José García Domínguez - Nuestro capitalismo de amiguetes
Estadista tan celebrado en vida y post mortem por sus audaces bajadas de impuestos,
muy pocos aquí recuerdan, sin embargo, lo que hizo Ronald Reagan cuando
la quiebra fraudulenta del sistema yanqui de cajas de ahorros, allá por
los ochenta. Resulta que, tras otro alocado festín del ladrillo
calcado del nuestro, el Gobierno de Estados Unidos tramitó siete mil
expedientes criminales contra otros siete mil directivos al saber de la
ruina de esas entidades de ahorro popular. Repito, siete mil. Unos
expedientes que darían lugar a mil cien inculpaciones firmes. Repito,
mil cien. Consecuencia de todo ello, seiscientos cincuenta financieros terminaron en la cárcel. Vuelvo a repetir, seiscientos cincuenta. He ahí la pequeña diferencia entre el capitalismo español y el capitalismo de verdad.

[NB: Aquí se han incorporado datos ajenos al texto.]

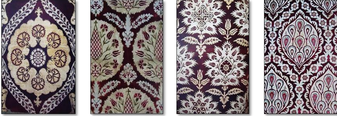
Resim 31. XVII. yy Osmanlı Kumaş Desenleri.

Sucedió justo después de la caída del Muro de Berlín, en 1989.
Al tiempo que la momia de Lenin transitaba rauda hacia el purgatorio
del olvido, el viejo Adam Smith dejaba de dormir el sueño de los justos
en las páginas de las enciclopedias para ser entronizado en los altares
laicos de Occidente. De repente, todo el mundo se hizo liberal. Sin
embargo, pocos, muy pocos de los nuevos devotos del padre de La riqueza
de las naciones, genuina partida de nacimiento del liberalismo
económico, repararon en que esa obra fue escrita por el mismo autor de
otra no menos memorable que lleva por título Teoría de los sentimientos
morales. Porque Smith no solo fue el primero en descubrir las habilidades prodigiosas de la mano invisible. También
resultó ser pionero en advertir de que el capitalismo huérfano de un
orden ético acabaría convertido en una bicicleta sin manillar.
La
honestidad, la contención, el sentido de la responsabilidad individual,
son valores que, lejos de obedecer a la esencia del capitalismo,
informaban la ética cristiana que lo acompañó desde su nacimiento. Y sin
ellos el capitalismo en nada se distingue del orden que impera en la
selva. En nada. Porque el exclusivo interés egoísta de los
intercambios mercantiles a lo único que nos aboca es al retorno al
estado de naturaleza, a la anarquía de un universo hobbesiano incapaz de
consolidar ninguna lealtad firme entre las personas. Desengáñense los incautos doctrinarios,
el capitalismo no podrá sobrevivir mucho tiempo a las tarjetas black,
al cinismo generalizado, al todo vale, al sálvese quien pueda.
Ah, nuestro capitalismo de amiguetes.